Добавить в цитаты Настройки чтения

Страница 95 из 120

— Конкретнее ты можешь?

— Могу. Люди моей судьбы — это люди, чаще всего искалеченные физически, а некоторые и духовно. Понимаешь?.. Мы до конца своих дней будем вздрагивать при виде серо-зеленой униформы, если даже в кино увидим. Всегда будем помнить погибших ребят, рядом с которыми шли под пули или под палку палача. Мы будем, пока не умрем, бороться по ночам с кошмарами, потому что наш мозг был наяву отравлен кошмарами. Мы, выжившие, будем всегда любить друг друга, потому что наше духовное, наше идейное братство святее, чем кровное братство, чем родственные связи. Мы не вышли и, боюсь, до гробовой доски не выйдем из атмосферы борьбы, крематориев, и это до некоторой степени тоже плата за общую победу, победу над фашизмом… Можно ли любить пас таких, хотя бы уважать, считаться с нашими ушибами, физическими и моральными?
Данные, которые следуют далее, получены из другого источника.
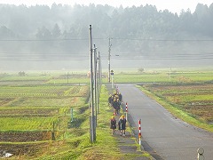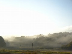 ↑ 今朝の笠野は、水墨画のような濃淡のある朝靄がかかています。

Он бросил окурок под ноги и взглянул на жену. В ее глазах бегали слезы.

— Значит, все, что я говорила про Глеба, про консерваторию— это не для нас с тобой, так?

— Да, не для пас. Во всяком случае, не для меня.

Она сняла с своего плеча его руку.

— Неправда. Ты все преувеличиваешь. Ты сгущаешь краски. Сколько людей вернулось из плена и живут нормальной человеческой жизнью…

— Я таких, Вера, не знаю. То есть снаружи, если глядеть со стороны, они, возможно, и живут, по твоему определению, нормальной жизнью, а внутри,— то, что скрыто от посторонних глаз,— не может быть легко, не может.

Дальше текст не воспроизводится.